The result showed two interesting things: First, the word repeats are minimal but does happen when training with semantic loss, though the gain of discovering unseen bigrams is more useful. Second, the NLL trained model initially generates many word repeats along with a few unseen tokens and they both die down due to the strong MLE objective that overfits to the targets in the training.

B.2 Human Evaluation

For human evaluation, we asked for English speaking graduate students as volunteers to take part in the two studies. To reduce the cognitive load on individual participants, we split the 100 samples in 4 sets of 25 samples. We computed the inter-annotators agreement with cohen-kappa coefficient Cohen (1960) in the sklearn package Pedregosa et al. (2011).

	Q1:Relevance	Q2:Diversity
Study 1	0.28	0.22
Study 2	0.33	0.23

Table 5: Average of cohen kappa score averaged over the evaluation of annotators on the different sets of samples in the two studies.

The results shown in Table 5 that the annotators had a fair agreement in the two studies. The range of the scores is between -1 and 1, and a score above 0 indicates agreement amongst the annotators. The slightly lower agreement on Q2 is because of the ambiguity in the perception of ”what is interesting”.

Appendix C MultiWoZ Experiments

C.1 Negative Result

We observed that the semantic loss was not as useful as it was in the smaller data set. The bigram distribution of the two data sets (Table 6 and 7) showed that the bigrams in the context on an average occurs 92 times in MultiWoZ as compared to only 17 times in Frames. Similarly, a bigram in the target occurs 13 times in MultiWoZ compared to only 5.4 times in Frames.

From the analysis on the distribution of bigrams in the two data sets, we arrived at the following conjecture: With a simplistic assumption, consider the following sentences: I want to leave from London, I want to leave on Tuesday, I want to leave from Florida occur 3, 2, and 5 times respectively in a small data set and 30, 20, and 50 times in a relatively larger data set. The language model of the decoder, after generating I want to leave, will sample one of the three bigrams, on Tuesday, to London, from Florida.

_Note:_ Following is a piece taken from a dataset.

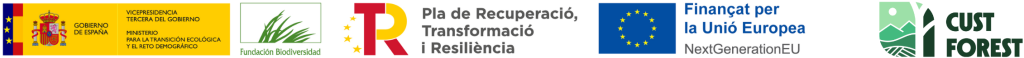 CustForest compta amb el suport de la Fundación Biodiversidad del Ministerio para la Transición Ecológica y el Reto Demográfico (MITECO) en el marc del Pla de Recuperació, Transformació i Resiliència (PRTR), finançat per la Unió Europea - NextGenerationEU.

data set	Unique Bigrams	Total Bigrams
Frames	30K	0.5M
MultiWoZ	40K	3.6M

Table 6: Count of Bigrams from only the contexts of the two data sets

data set	Unique Bigrams	Total Bigrams
Frames	22K	127k
MultiWoZ	71K	900k

Table 7: Count of Bigrams from only the targets of the two data sets

The output of the encoder-decoder at every step being a mulitnomial distribution over the vocabulary, the architecture can be abstracted for our understanding to maintain a Dirichlet distribution that is generalizable.

The bias of sampling from Florida is much higher in a large data set and relatively much lower in a smaller data set, which can even generate I want to leave from Florida to London on Tuesday with a relatively higher probability. As sampling from the decoder is still dependent on $\mathbb{L}_{MLE}$ , the diversity in sampling is decreased when training with NLL on a large data set.

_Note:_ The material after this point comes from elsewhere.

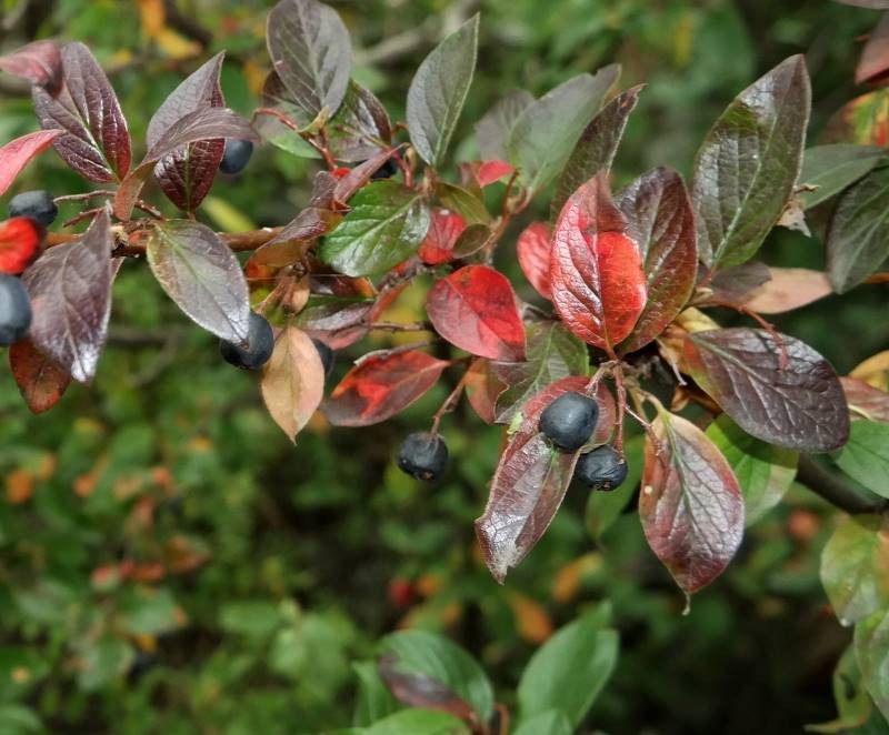 - Кизильник блестящий – кустарник до 3 м высотой. Темно-зеленые, блестящие листья образуют густую крону. Цветет Кизильник в мае-июне, мелкими розоватыми цветками;

But then, as the larger data set has 7 times more support for a bigram than in the smaller data set, out of distribution sampling is difficult.

C.2 Out-of-NLL Sampling

To break the rigid sampling distribution, with a non-zero probability we dropped words from the vocabulary before sampling the tokens in $a_{i}^{sampled}$ .

With the semantic loss providing non-binary scores, the model gets feedback for all sampled responses, even those unlikely to be sampled but are sampled due to the masking of the vocabulary. That lead to a sharp divergence of training (Table 2) even before the model learnt to appropriately diversify its responses (Figure 5).

The % unseen and distinct-1 and 2 scores keep increasing (Figures 5) but due to the high amount of diversity in the tokens generated, many of the responses were not legible as seen in Table 2.